Africa’s pulse states that following the global financial crisis, “a growing number of African countries are setting up social safety nets to protect the health and livelihoods of poor and vulnerable people during periods of adversity”. In addition, “the steady growth of the Middle class is also translating growth into much less inequality”.

However, most of what I’ve read in the mainstream papers on the subject is very pessimistic indeed, and often refer to the United Nation’s Human Development Report of 1999:

“Poverty is everywhere. Gaps between the poorest and the richest people and countries have continued to widen. In 1960, the 20% of the world’s people in the richest countries had 30 times the income of the poorest 20% . In 1977, 74 times as much. What will it be in 50 years’ time?”

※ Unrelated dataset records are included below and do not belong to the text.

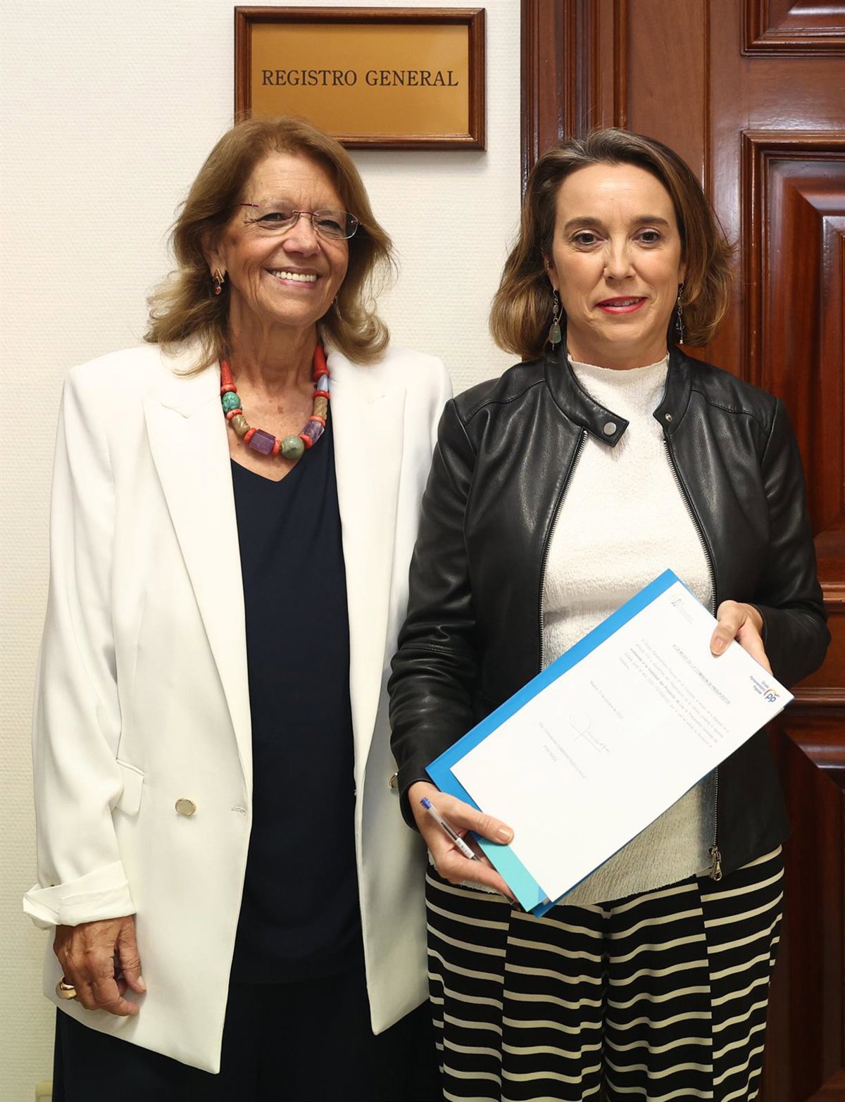 La vicesecretaria sectorial del Partido Popular, Elvira Rodríguez, y la portavoz del PP en el Congreso, Cuca Gamarra posan en la presentación de una enmienda a la totalidad a los Presupuestos en el Congreso, a 21 de octubre de 2022, en Madrid (España). - Eduardo Parra - Europa Press
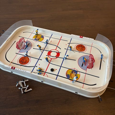 Erinomaisessa kunnossa oleva pöytäjääkiekkopeli. Mukana tulee kuvan mukaisesti kaksi kiekkoa ja varaosat pelin käsikahvoihin.
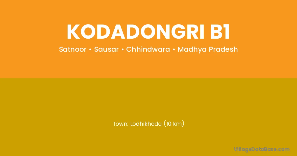 Lodhikheda (10 km) is the nearest town to Kodadongri B1 village for major economic activities and is located approximately 10 km away.

I think that the whole world, in particular Africa, is therefore watching the US quite closely to see what answers they come up with. 

 

Você fala Português?

 

Sarah Caddy

If you can’t, chances are you’re missing out, was the message from OMFIF’s conference on the ‘Role of Portugal and the UK in Lusophone Economies’ (February 4th 2014, London).

Addressing a roundtable of business owners and potential investors looking to expand into Angola and Mozambique, João Alves, Partner at EY, listed the benefits enjoyed by Portugal as a result of its 500 years of common history with the rest of the Lusophone world. Reporting on the findings of his firm’s Attractiveness Survey 2014, which tracks 200+ investor perceptions, Mr. Alves detailed that:

  • 58% of interviewees believe Portugal will improve over the next three years (marking one of the strongest scores for a European country)
  • 95% of investors in Portugal today believe that they will still be doing so in five years’ time

 

And the reason that investors gave for these bullish views? That Portugal has such strong cultural and linguistic affinities with emerging markets.

With Angola and Mozambique both clocking in over 7% GDP growth, this interest is unsurprising. And despite the oil sector continuing to dominate – it currently accounts for 96% of Angolan exports, for example – the panellists and government representatives were unanimous in providing evidence of rapid sector diversification.  Agriculture and telecommunications were two of the most regularly cited, with government agencies like ANIP (@ANIP_US) providing incentives for many non-oil sector businesses.

The swathe of positivity did come with a dose of realism from international law firm Miranda – in Angola, the only real way for a foreign company to build a business is via a local partner. At least the attendees of the conference now have the contacts to do so.